“In the Name of the Mother” by John Broughton

In The Name Of The Mother

John Broughton
Independently Published (2019)
ISBN: 978-1097543366
Reviewed by Lily Andrews for Reader Views (01/2023)

The Anglo-Saxon period in Britain spans approximately six centuries from 410-1066AD. It was a time of war and the breaking up of Roman Britannia into several kingdoms of religious conversion.

It is during this period that John Broughton thrusts readers into his strikingly original second and last installment of the Wyrd of the Wolf series, “In The Name Of The Mother: A Chronicle of 8th Century Wessex (Wyrd Of The Wolf Book 2)”. The year is 689AD and a young widow, Cynethryth, is returning home to Rome after her husband, Caedwalha, leader of the West Saexe, dies. Pregnant with the heir to the throne, Cynethryth meets her father, Aelfhere, King of the South Saexe, who welcomes her home even after having gone against her father’s wishes, allying against him and her people.

However, there are other pressing matters at hand. In a time of unrest and political turbulence, many lay claims to the throne. Cynethryth’s son, Aethelheard has a better claim to kingship than King Ine, the king of Wessex and a ruler who is becoming ever more the tyrant and thirsts for greater power. Her mother knows she has to protect her son, who is at risk of being killed, as his parentage alone places him in danger. Cynethryth is confronted with a difficult choice to make and visits King Cuthred in Dorset, who agrees to raise him as his son without anyone’s knowledge. This alone sets Aethelheard on an insidious path as he grows up around defiant princes, all with an insatiable desire to overthrow the King of Wessex. Thus follows a tale of intrigue, ambition, a mother’s love, and power.

In a period that may seem strange and incomprehensible, John Broughton weaves a magisterial treatise that illuminates a masterful introduction to the origins of kingship, power structures, and government in Anglo-Saxon society. He renders the inner life of the medieval era with an accuracy and contiguity rare in historical fiction. With stellar, pitch-perfect prose and well-fleshed-out characters, the novel ping-pongs rapidly to deliver the right amounts of action and dialogue in equal measure.

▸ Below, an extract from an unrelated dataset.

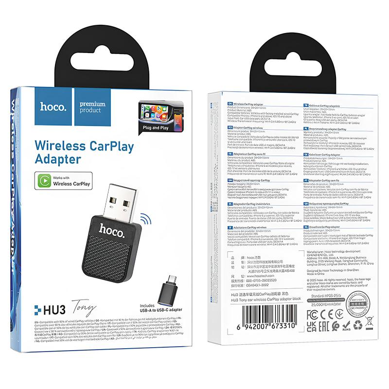 Адаптер Hoco HU3 Tony Car Wireless CarPlay — це ідеальне рішення для автолюбителів, які хочуть перетворити провідну функцію CarPlay на бездротову. Цей продукт призначений для власників автомобілів з оригінальною провідною системою CarPlay, які прагнуть до більш зручного та сучасного використання своїх пристроїв.
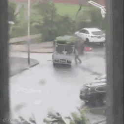 为阻止自家货车侧翻,一个男子冲进狂风中,拼了命撑住货车。

“In The Name Of The Mother: A Chronicle of 8th Century Wessex” is an evocative, sharply drawn five-star story of centuries of profound political change, told with adroitness, command, and shrewd historical judgment. The author employs aptly crafted language to paint enthralling imagistic scenes, resulting in an ode rich with history, suspense, beauty, and lyricism. As the text pulls back the veil on legendary characters bringing them to life through a work of fiction, Broughton, a literary minstrel in his own right, awakens a Middle Age period that is rigorously researched culminating into a rich embroidery that connects the dots between the familiar and unfamiliar.